Теперь в коридоре бегали. Сначала быстро, выбивая из протертого линолеума резвое стокатто ритма, переголосицу босой и обутой ноги с добавлением непонятного шуршания и вздохов. Забег начинался около левого уха, врывался в ртутное море стремительным ветерком, проносился на зеркальным пеплом, прокатывался по упругой поверхности, вбирал яд и боль, отчего на переносице бегун выдыхался, резко сбрасывал темп и дальше плелся, сопровождая тяжелое дыхание всхлипами, шарканьем и, даже, странными падениями. К финишу за правым ухом подходило нечто иное - громыхающее, скрипящее, сипящее, бурчащее нечто неразборчивое. Пауза. Тишина, за время которой неведомая и таинственно беззвучная сила переносила бегуна на исходную позицию, и все начиналось опять.
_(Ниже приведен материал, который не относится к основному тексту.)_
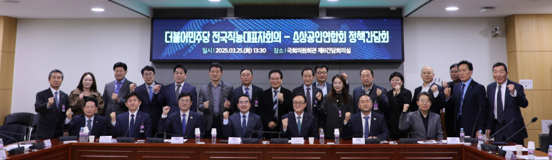 이날 간담회에는 송치영 소상공인연합회 회장을 비롯해 업종 단체장들과 지역회장단이 참석했으며 더불어민주당에서는 전국직능대표자회의 박홍근 공동의장, 이정문 정책위 수석부의장, 김원이 산자중기위 간사, 최기상 의원 등이 참석했다.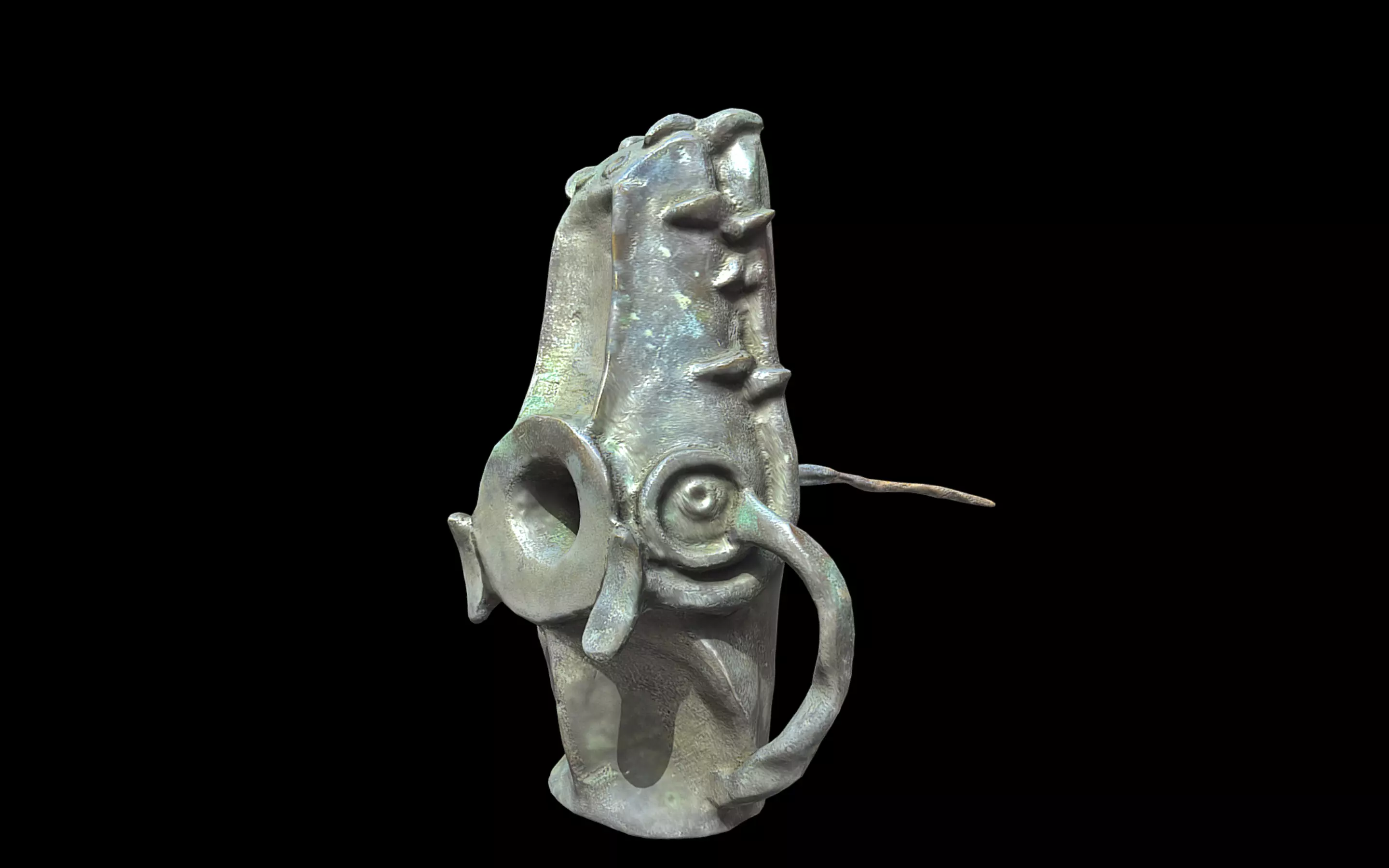 Bronze sculpture with an elongated, vertical form. The sculpture features series of raised, pointed ridges running along its surface, possibly representing the rough texture of a crocodile’s skin with circular openings and curved elements that extend outward, resembling stylized features such as eyes and limbs. A prominent, thin rod-like extension protrudes from one side. The sculpture’s surface exhibits a patina, indicating age and authenticity, with a rich texture that enhances its visual appeal.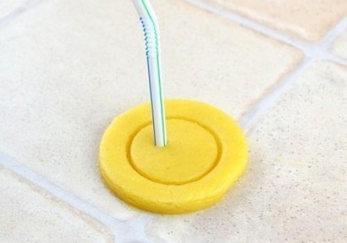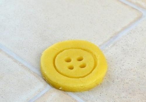Затем на каждом кружке сделать вмятину, но не прорезая до конца. Затем по центру сделать два или четыре сквозных отверстия, как в пуговице.

Но и это не было окончательной подложкой ночи. За явным шелестом занавесок, шумом воды в трубах, звоном посуды и ревом стиральных машин, в складках и промежутках власти вещей прятались бесцветные тли кошмаров, плача, смеха, бессмысленных разговоров со стенами, напевы и камлания, призывающие духов иных миров разделить пересохшее одиночество. К ним не стоило прислушиваться. Они лопались от малейшего шевеления и пропитывали простыню противными липкими пятнами. Можно было лишь надеяться, что забравшись на лицо, протиснувшись в слуховые отверстия, они найдут свою смерть в ядовитом металле страшной медитации.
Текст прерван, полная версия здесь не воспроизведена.